AIM OF THE EXERCISE: From the first line of the records below through the line with "Λήμνος: Πρωτοχρονιά στο", output each line exactly; skip the pictures.
━━ DATA SHOWN
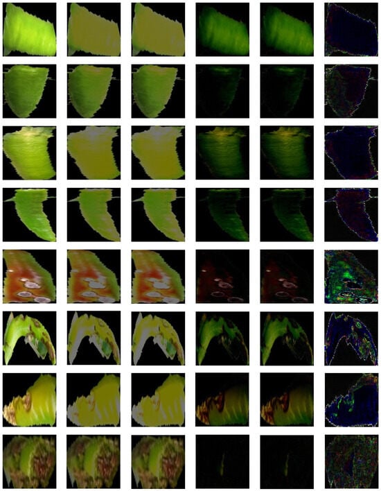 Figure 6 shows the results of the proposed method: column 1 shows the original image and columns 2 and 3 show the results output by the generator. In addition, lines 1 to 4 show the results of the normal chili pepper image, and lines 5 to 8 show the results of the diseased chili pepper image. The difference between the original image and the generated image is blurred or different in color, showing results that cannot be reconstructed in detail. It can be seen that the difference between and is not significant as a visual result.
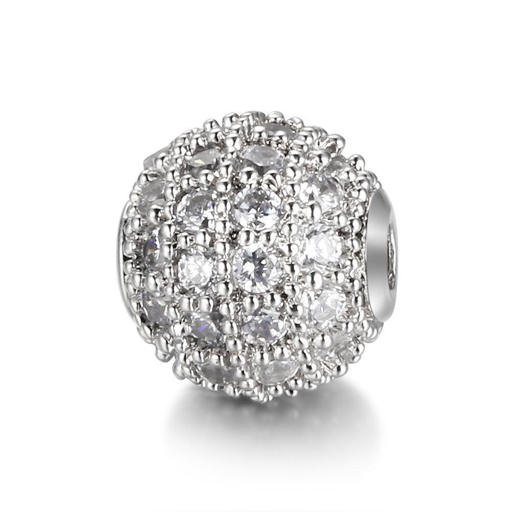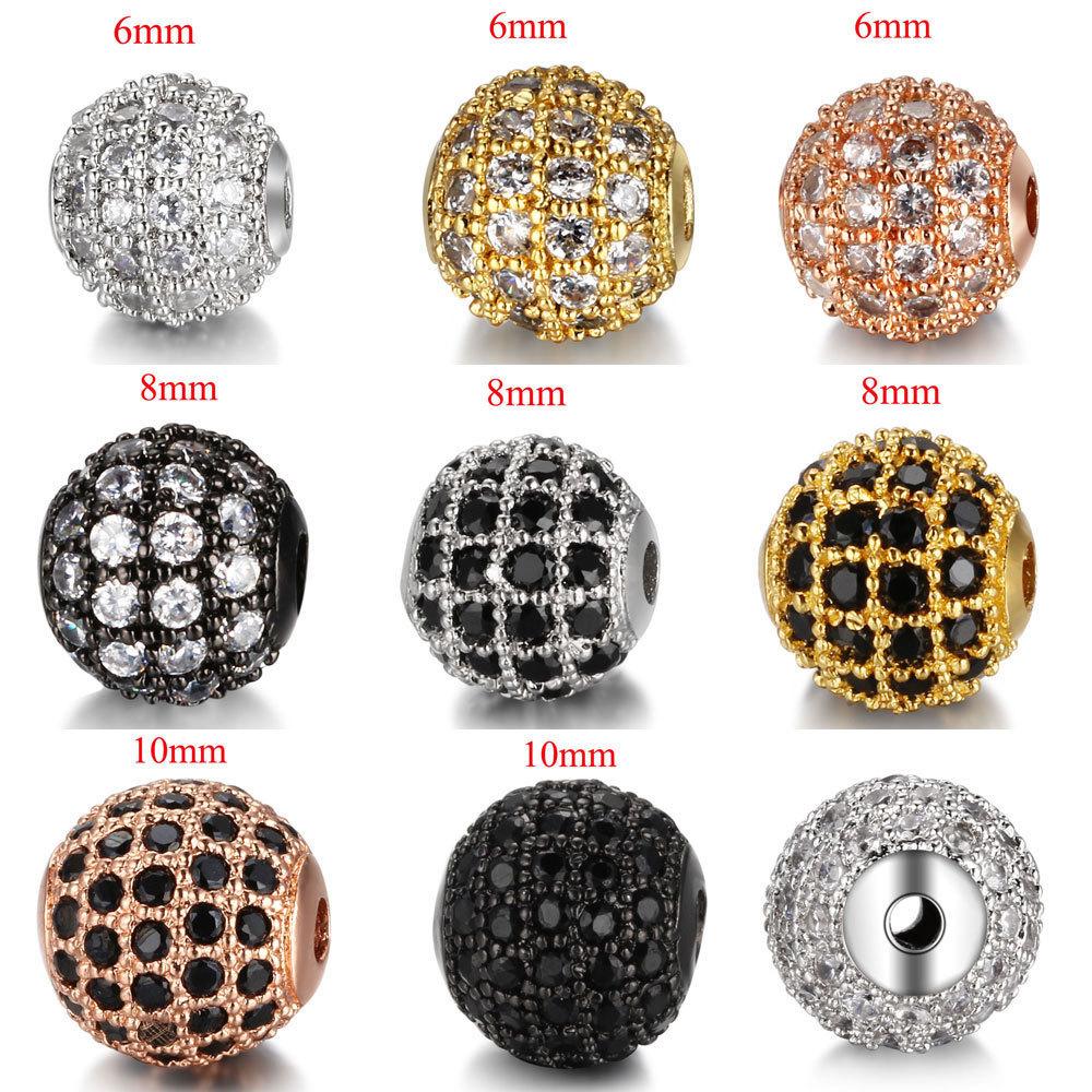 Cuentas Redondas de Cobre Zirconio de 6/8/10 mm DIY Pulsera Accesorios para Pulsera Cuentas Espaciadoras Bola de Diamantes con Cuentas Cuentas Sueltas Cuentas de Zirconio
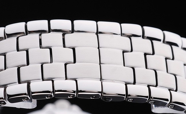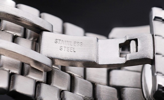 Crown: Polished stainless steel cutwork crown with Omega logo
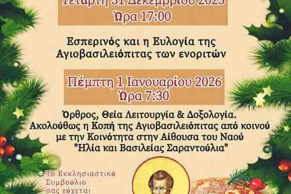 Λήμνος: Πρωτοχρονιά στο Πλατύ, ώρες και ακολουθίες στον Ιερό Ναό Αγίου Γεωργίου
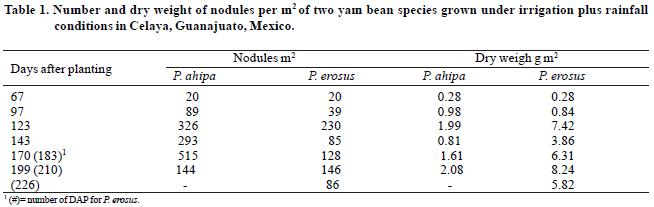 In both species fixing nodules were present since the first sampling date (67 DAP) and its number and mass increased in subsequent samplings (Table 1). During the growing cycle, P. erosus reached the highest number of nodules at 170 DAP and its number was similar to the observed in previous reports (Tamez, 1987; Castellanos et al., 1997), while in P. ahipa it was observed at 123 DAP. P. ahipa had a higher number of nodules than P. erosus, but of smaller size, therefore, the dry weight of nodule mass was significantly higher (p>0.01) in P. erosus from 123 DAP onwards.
━━━━
WRITTEN REPLY:
 Figure 6 shows the results of the proposed method: column 1 shows the original image and columns 2 and 3 show the results output by the generator. In addition, lines 1 to 4 show the results of the normal chili pepper image, and lines 5 to 8 show the results of the diseased chili pepper image. The difference between the original image and the generated image is blurred or different in color, showing results that cannot be reconstructed in detail. It can be seen that the difference between and is not significant as a visual result.
 Cuentas Redondas de Cobre Zirconio de 6/8/10 mm DIY Pulsera Accesorios para Pulsera Cuentas Espaciadoras Bola de Diamantes con Cuentas Cuentas Sueltas Cuentas de Zirconio
 Crown: Polished stainless steel cutwork crown with Omega logo
 Λήμνος: Πρωτοχρονιά στο Πλατύ, ώρες και ακολουθίες στον Ιερό Ναό Αγίου Γεωργίου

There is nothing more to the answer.